People on this subreddit need a reality check.
It seems that many people commenting on posts giving "advice" don't realize the gravity of what they are doing. Advice and passing a judgement are completely different things. Many people on here are straight up passing judgements on every OPs spouse and how awful and evil they are.
Just this week, I have seen a commenter use words like "nasty, vile" being used for people they don't even know and are not even present. Who told you that this person is vile over the one action described in a biased post? That is a whole muslim with honor of their own.
We have to realize people post here during conflict most of the time from high conflict relationships, which is almost never a one sided ordeal. Unless there is mention of major haram like zina, physical abuse, gambling, alcholism - why are we passing verdicts on people and turning spouses against each other? Advice involves giving the next steps to OP that may help their situation. Not telling them how much of a loser they are for staying because "hey I would never allow myself to take xyz."
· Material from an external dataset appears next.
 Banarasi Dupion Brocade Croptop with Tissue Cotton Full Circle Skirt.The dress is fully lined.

One of my friends got divorced because of this subreddit and it was a whole thing in her family. Her husband posted on here. "Wife is disrespectful, crazy, kicked me out" and he got verdicts. Judgements. NOT ADIVCE. "She needs psychiatric help, send her back to her parents (haram btw), how disrespectful I would serve divorce papers the next day." Just one-sided verdicts filling his ears. He divorced her. Afterwards she revealed that he was cheating on her the entire relationship and she didnt want to reveal it because she was hoping things would get better. That her anger would subside, that she will love him again, and she didnt want to reveal her husbands flaws and then regret it. I know she should've divorced him any way but she was SHAMED in the process. Publicly. While she kept secrets. And this subreddit gave him the audacity to do that to her. Last I heard, he wants her back. And she said she could've forgiven the cheating but not the character assassination during divorce.
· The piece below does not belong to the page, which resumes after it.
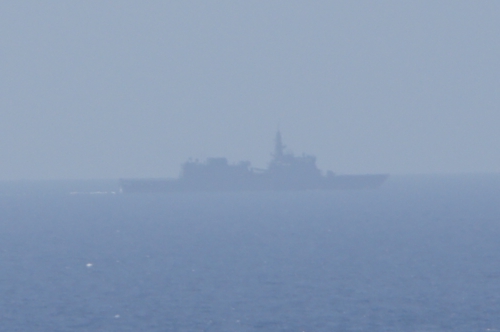 IRTC航行中に海の方を見ると、遠くに薄らと軍艦のシルエットが見えていました。

Another heartbreaking thing I noticed is people choosing to reveal that they are divorced through their flairs but then being shamed for being divorced if they say something people disagree with. There was a sister on here that deleted her account recently, I would dm her sometimes. She had made many posts for months about being cheated on and financially abused. And EVERYONE told her to leave her husband. Eventually she did. The other day a couple men replied to her "well not surprised you're divorced" because they didnt agree with her on something. SubhanAllah. Her account is no longer there because I know that is not the first time men shame her for being divorced without knowing in what circumstances she had to ask for khula. And honestly I would dare them to say it to her face or her father's face. They wouldn't. Apparently Islamic rules don't apply to you when it's the internet?
This is a MUSLIM community. An islamic space and islamic rules need to be upheld here by ALL members. I urge the space to use their words wisely. To stop giving emotional verdicts. And to give advice rather than pass judgements on characters. These are real marriages. REAL muslims.
Everyone here is accountable for their words.
The Messenger of Allah (peace be upon him) said:
“When two disputing parties come to you, then do not pass a judgement against one party until you hear the other person’s case. [After hearing out both parties] A ruling will then become clear.”
(Musnad Ahmad, vol. 1, pg. 149. Also see: Sahih Ibn Hibban; Al Ihsan, Hadith: 5065)
Edit- I am not anti-divorce, I am pro-respectful language and basic respect in online conversations. Because truth is you will never have the full picture in these posts. The least we can do it not get emotional over half information. If you know that people lie on here, why are you getting emotional? Give logical advice and thoughts without insults and rage.